● About this exercise
Your job is to give again, exactly and with no additions, the lines in the records below from the one with "Maxi tote in" through the one with "Discover this vintage-inspired", both included. Omit the pictures.

● Input records
###

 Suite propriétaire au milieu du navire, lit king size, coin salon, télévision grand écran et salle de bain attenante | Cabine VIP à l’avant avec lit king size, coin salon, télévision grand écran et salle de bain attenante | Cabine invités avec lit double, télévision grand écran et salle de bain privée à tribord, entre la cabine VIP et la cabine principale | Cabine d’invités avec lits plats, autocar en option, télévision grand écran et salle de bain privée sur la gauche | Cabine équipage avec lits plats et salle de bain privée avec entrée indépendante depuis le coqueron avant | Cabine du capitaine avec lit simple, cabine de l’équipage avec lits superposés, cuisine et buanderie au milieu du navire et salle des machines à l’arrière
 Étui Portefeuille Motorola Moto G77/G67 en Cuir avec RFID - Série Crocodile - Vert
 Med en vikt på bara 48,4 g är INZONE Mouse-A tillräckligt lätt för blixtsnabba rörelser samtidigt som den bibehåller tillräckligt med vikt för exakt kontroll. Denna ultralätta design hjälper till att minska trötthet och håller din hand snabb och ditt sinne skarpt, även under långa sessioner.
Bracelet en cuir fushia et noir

###

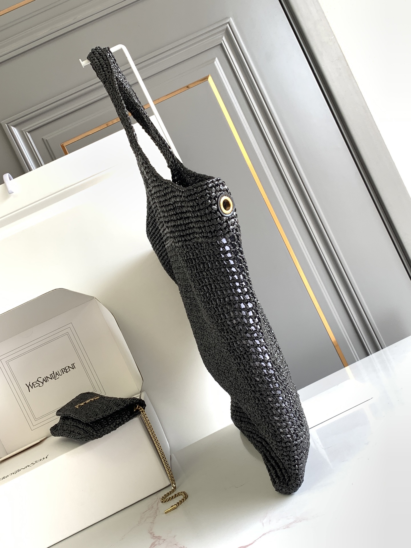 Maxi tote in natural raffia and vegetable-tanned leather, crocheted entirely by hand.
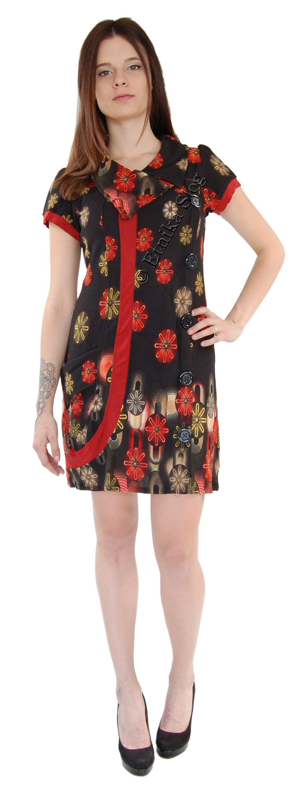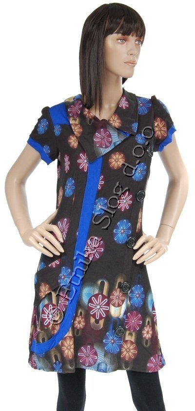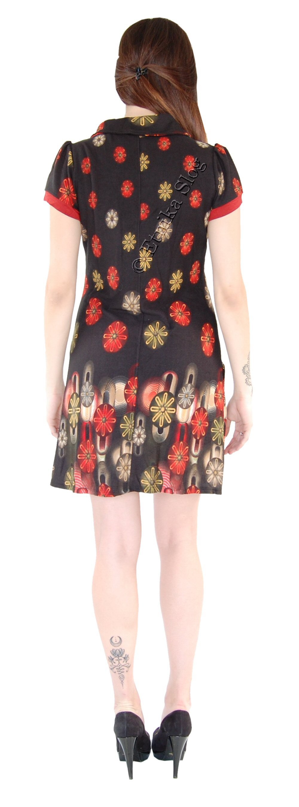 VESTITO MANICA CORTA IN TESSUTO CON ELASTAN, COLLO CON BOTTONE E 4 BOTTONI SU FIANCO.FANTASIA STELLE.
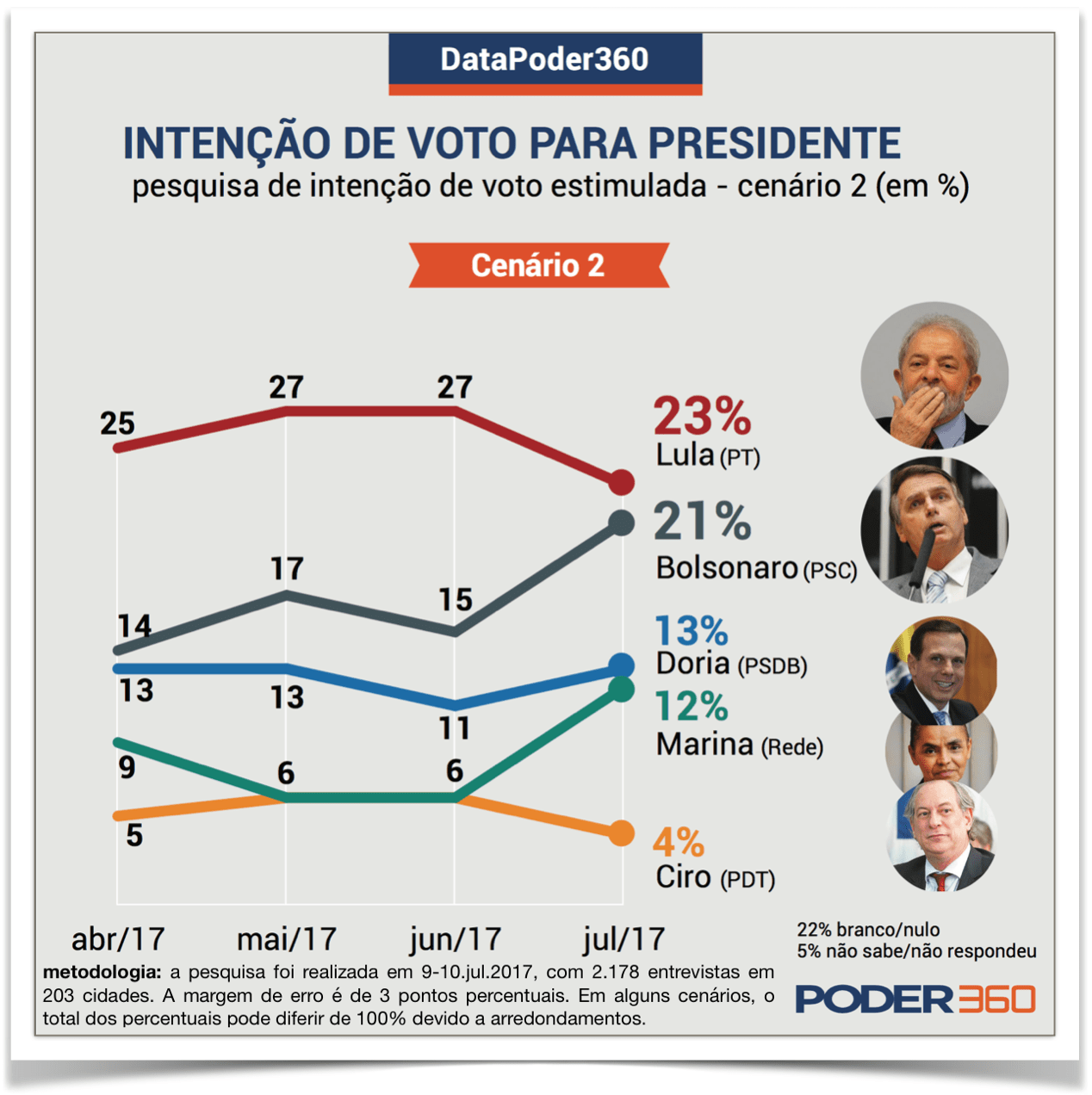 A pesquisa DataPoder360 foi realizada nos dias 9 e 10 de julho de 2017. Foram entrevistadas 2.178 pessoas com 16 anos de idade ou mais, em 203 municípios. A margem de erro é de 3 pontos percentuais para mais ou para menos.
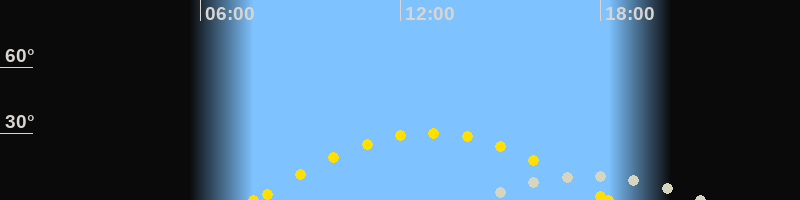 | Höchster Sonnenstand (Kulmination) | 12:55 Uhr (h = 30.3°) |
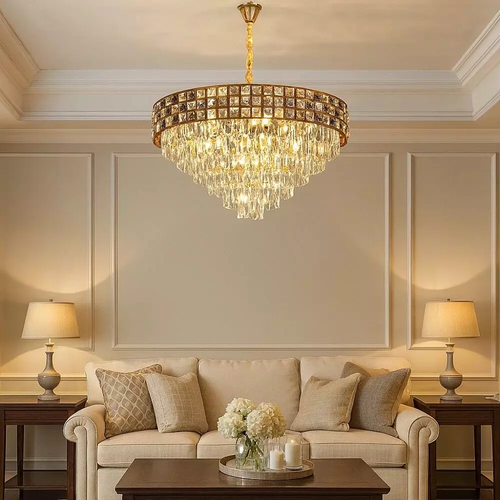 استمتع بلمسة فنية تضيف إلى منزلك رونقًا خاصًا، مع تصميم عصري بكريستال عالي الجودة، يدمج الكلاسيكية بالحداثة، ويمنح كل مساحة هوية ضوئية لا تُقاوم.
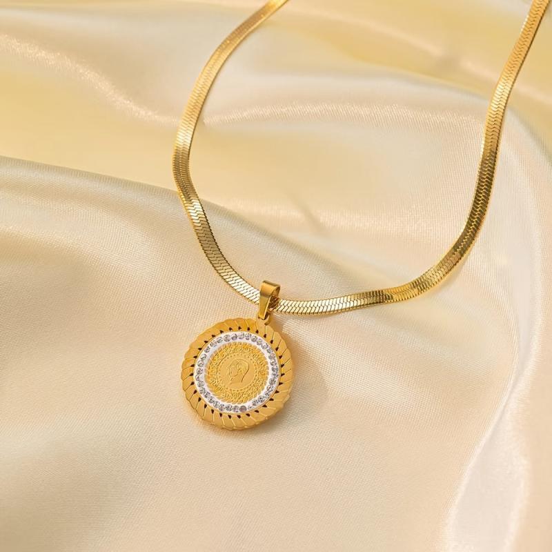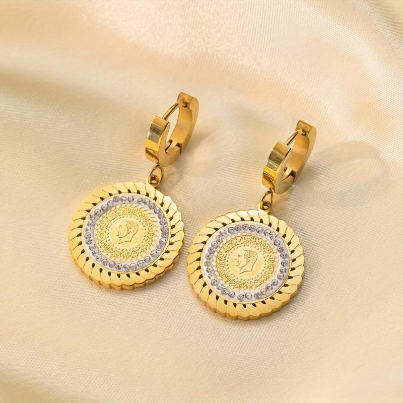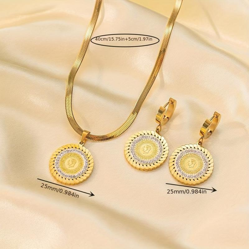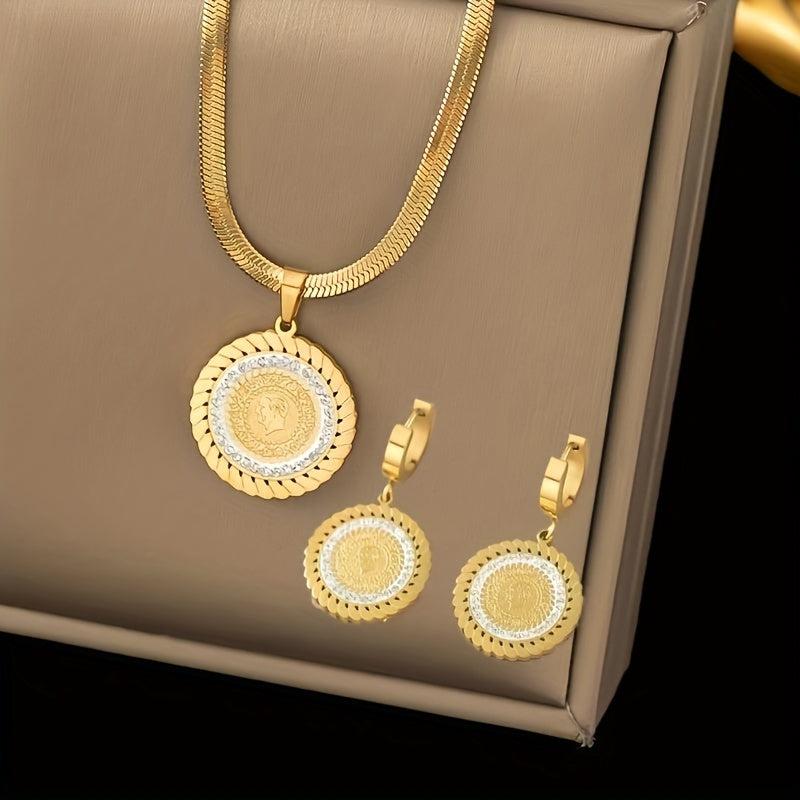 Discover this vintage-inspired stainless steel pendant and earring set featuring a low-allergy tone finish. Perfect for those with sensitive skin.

###

● Result of this task
 Maxi tote in natural raffia and vegetable-tanned leather, crocheted entirely by hand.
 VESTITO MANICA CORTA IN TESSUTO CON ELASTAN, COLLO CON BOTTONE E 4 BOTTONI SU FIANCO.FANTASIA STELLE.
 A pesquisa DataPoder360 foi realizada nos dias 9 e 10 de julho de 2017. Foram entrevistadas 2.178 pessoas com 16 anos de idade ou mais, em 203 municípios. A margem de erro é de 3 pontos percentuais para mais ou para menos.
 | Höchster Sonnenstand (Kulmination) | 12:55 Uhr (h = 30.3°) |
 استمتع بلمسة فنية تضيف إلى منزلك رونقًا خاصًا، مع تصميم عصري بكريستال عالي الجودة، يدمج الكلاسيكية بالحداثة، ويمنح كل مساحة هوية ضوئية لا تُقاوم.
 Discover this vintage-inspired stainless steel pendant and earring set featuring a low-allergy tone finish. Perfect for those with sensitive skin.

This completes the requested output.